The Hayes Arboretum is an arboretum of 330 acres located in Richmond, Indiana, United States. The main (west) entrance is open free to the public Tuesdays through Saturdays, 9:00 A.M. to 5:00 P.M., while the east entrance, which provides access to both hiking and mountain biking trails, is open daily from dawn to dusk. It is the primary project of the Stanley W. Hayes Research Foundation, a private operating foundation. The Foundation owns a total of 466 acres of property in Wayne County, IN.

==Description==
The Arboretum is an educational facility and a managed nature preserve, collecting native wild plants indigenous to Wayne county and the Whitewater Valley Drainage Basin (an area encompassing 14 counties in west-central Ohio and east-central Indiana). It had claimed to include 172 species of trees, plants and shrubs native to the basin, but a 2007 study actually found 525 species. It also contains a renovated 1833 dairy barn, Beech-Maple Trail (3/4 mile), Habitat Trail (1 mile), Springhouse Trail (1/4 mile), and History Trail (1 mile).

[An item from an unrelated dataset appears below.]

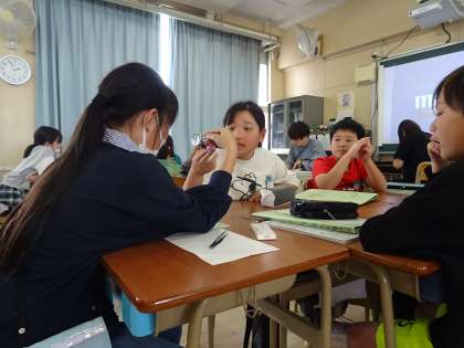 「ビオラの花の中はどんなつくりをしているのだろう?」と班ごとに虫眼鏡を使って詳しく観察しました。

The Arboretum was first established in June 1915 when Stanley Wolcott Hayes began purchasing tracts of land to preserve the local old growth Beech-Maple Forest. He began reforesting the land, planting thousands of native trees and creating experimental plots, hoping to restore the land as when the first pioneers arrived. His estate, now Hayes Arboretum, includes:

- Beech-maple forest — trees up to 450 years old. Approximately 60 acre of old-growth forest are located within the Arboretum grounds.
- Oak-Tulip Experiment — White Oaks and Tulip trees, planted in 1922–23 as an experiment in hardwood reforestation.
- Mabelle Hayes Fern Garden — an under story of dogwoods in this area, with a fern garden featuring ferns and their allies native to the Whitewater River valley, including 20 species that have been naturalized along the trail with a variety of spring flowers. A few of the ferns are evergreen and in evidence all year long.
- Paul C. McClure Native Woody Plant Preserve — a nature reserve with tree, shrubs, and vines native to the Whitewater Valley Drainage Basin. It serves as an example of how these trees would grow over hundreds of years with plenty of space.
- Hayes Arboretum and Waterworks Mounds — two mounds attributed to the Adena and the Hopewell people are located on the East Side of the property. Excavated by James Heilman from 1965 to 1966, multiple artifacts were discovered inside each of the mounds, including tools, bones, and stone points.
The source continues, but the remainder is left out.